## TASK TO COMPLETE
Reproduce the full listing below unchanged, apart from the pictures.

(RECORDED INFORMATION begins)

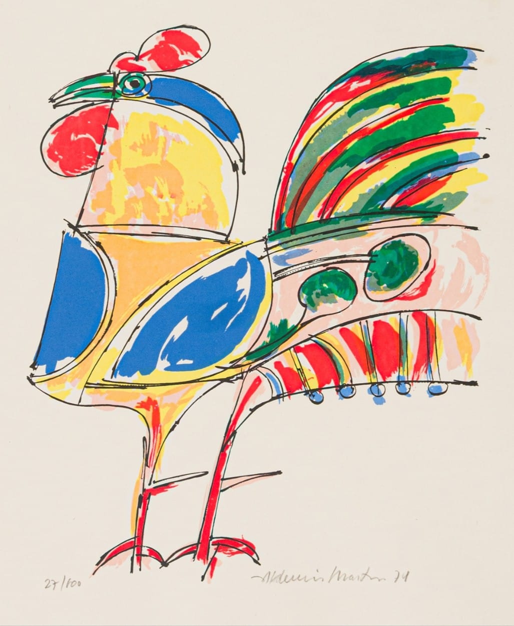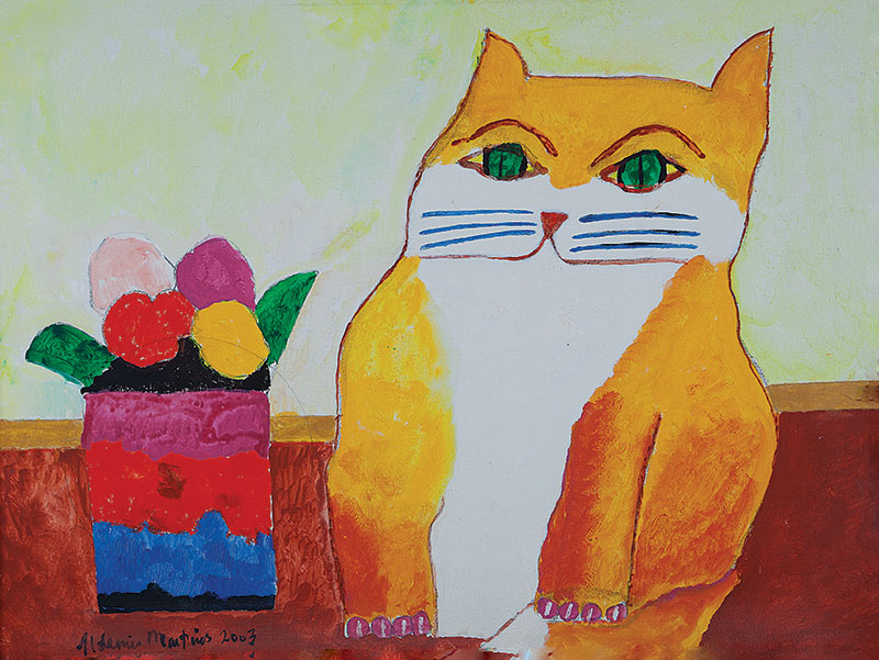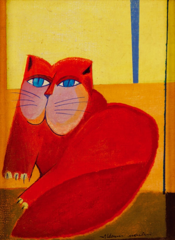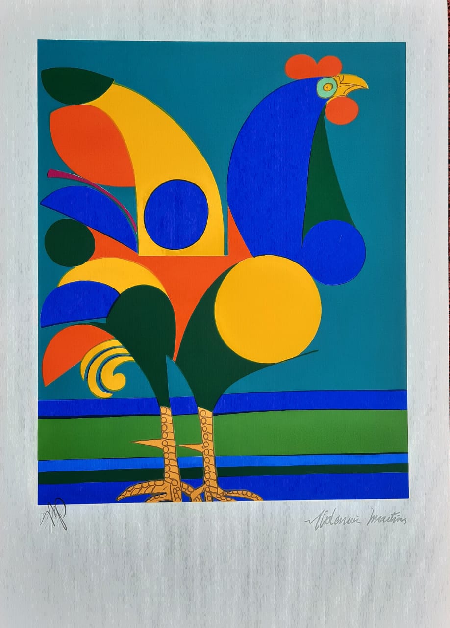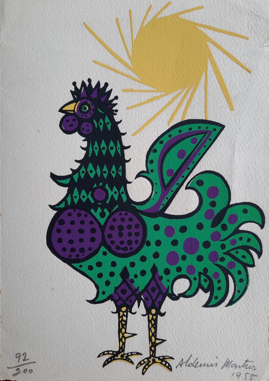Aldemir Martins (Ingazeiras CE 1922 - São Paulo SP 2006). Pintor, gravador, desenhista, ilustrador. Em 1941, participa da criação do Centro Cultural de Belas Artes, em Fortaleza, com Antonio Bandeira (1922-1967), Raimundo Cela (1890-1954), Inimá de Paula (1918-1999) e Mario Baratta (1915-1983), um espaço para exposições permanentes e cursos de arte. Três anos depois, a instituição passa a chamar-se Sociedade Cearense de Artes Plásticas - SCAP. Aldemir Martins produz desenhos, xilogravuras, aquarelas e pinturas. Atua também como ilustrador na imprensa cearense. Em 1945, viaja para o Rio de Janeiro, e, menos de um ano depois, muda-se para São Paulo, onde realiza sua primeira individual e retoma a carreira de ilustrador. Entre 1949 e 1951, freqüenta os cursos do Museu de Arte de São Paulo Assis Chateaubriand - MASP e torna-se monitor da instituição. Estuda história da arte com Pietro Maria Bardi (1900-1999) e gravura com Poty Lazzarotto (1924-1998). Em 1959, recebe o prêmio de viagem ao exterior do Salão Nacional de Arte Moderna e permanece por dois anos na Itália. Desde o início da carreira sua produção é figurativa, e o artista emprega um repertório formal constantemente retomado: aves, sobretudo os galos; cangaceiros, inspirados nas figuras de cerâmica popular; gatos, realizados com linhas sinuosas; e ainda flores e frutas. Nas pinturas emprega cores intensas e contrastantes.
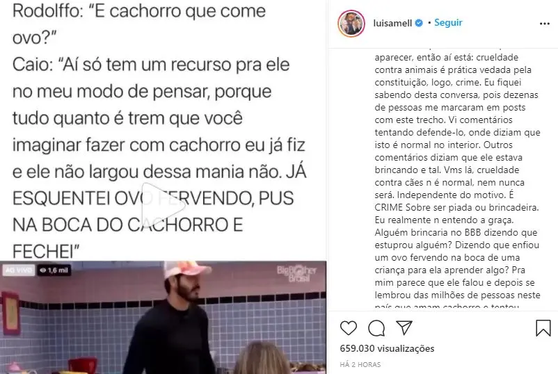 Em publicação no Instagram, Luísa Mell, conhecida pelo ativismo na área, definiu o caso como "nojento". "Se ele queria aparecer, então aí está: crueldade contra animais é prática vedada pela constituição, logo, crime", escreveu.
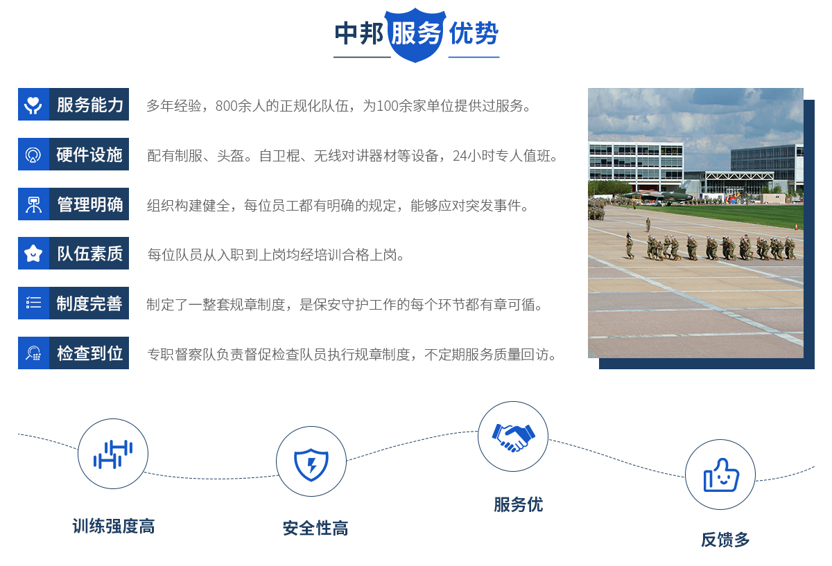 中邦服務(wù)簡介 安徽中邦保安服務(wù)有限公司總公司成立于2019年。公司 成立以來,始終以“文明值勤、優(yōu)良服務(wù)、客戶至上、安全為先” 為宗旨,以保一方平安為已任,面向社會各界等提供有償保安護(hù) 衛(wèi)、技術(shù)防范、保安培訓(xùn),是一家專業(yè)化保安服務(wù)公司。目前, 公司下為200多家客戶單位提供周到安全的保安服務(wù),遍布全省 及周邊地區(qū),現(xiàn)有各類專業(yè)人員和保安員2000余名。 中邦服務(wù)宗旨 安徽中邦保安服務(wù)有限公司是為適...

(RECORDED INFORMATION ends)

## REPLY TO THE TASK
Aldemir Martins (Ingazeiras CE 1922 - São Paulo SP 2006). Pintor, gravador, desenhista, ilustrador. Em 1941, participa da criação do Centro Cultural de Belas Artes, em Fortaleza, com Antonio Bandeira (1922-1967), Raimundo Cela (1890-1954), Inimá de Paula (1918-1999) e Mario Baratta (1915-1983), um espaço para exposições permanentes e cursos de arte. Três anos depois, a instituição passa a chamar-se Sociedade Cearense de Artes Plásticas - SCAP. Aldemir Martins produz desenhos, xilogravuras, aquarelas e pinturas. Atua também como ilustrador na imprensa cearense. Em 1945, viaja para o Rio de Janeiro, e, menos de um ano depois, muda-se para São Paulo, onde realiza sua primeira individual e retoma a carreira de ilustrador. Entre 1949 e 1951, freqüenta os cursos do Museu de Arte de São Paulo Assis Chateaubriand - MASP e torna-se monitor da instituição. Estuda história da arte com Pietro Maria Bardi (1900-1999) e gravura com Poty Lazzarotto (1924-1998). Em 1959, recebe o prêmio de viagem ao exterior do Salão Nacional de Arte Moderna e permanece por dois anos na Itália. Desde o início da carreira sua produção é figurativa, e o artista emprega um repertório formal constantemente retomado: aves, sobretudo os galos; cangaceiros, inspirados nas figuras de cerâmica popular; gatos, realizados com linhas sinuosas; e ainda flores e frutas. Nas pinturas emprega cores intensas e contrastantes.
 Em publicação no Instagram, Luísa Mell, conhecida pelo ativismo na área, definiu o caso como "nojento". "Se ele queria aparecer, então aí está: crueldade contra animais é prática vedada pela constituição, logo, crime", escreveu.
 中邦服務(wù)簡介 安徽中邦保安服務(wù)有限公司總公司成立于2019年。公司 成立以來,始終以“文明值勤、優(yōu)良服務(wù)、客戶至上、安全為先” 為宗旨,以保一方平安為已任,面向社會各界等提供有償保安護(hù) 衛(wèi)、技術(shù)防范、保安培訓(xùn),是一家專業(yè)化保安服務(wù)公司。目前, 公司下為200多家客戶單位提供周到安全的保安服務(wù),遍布全省 及周邊地區(qū),現(xiàn)有各類專業(yè)人員和保安員2000余名。 中邦服務(wù)宗旨 安徽中邦保安服務(wù)有限公司是為適...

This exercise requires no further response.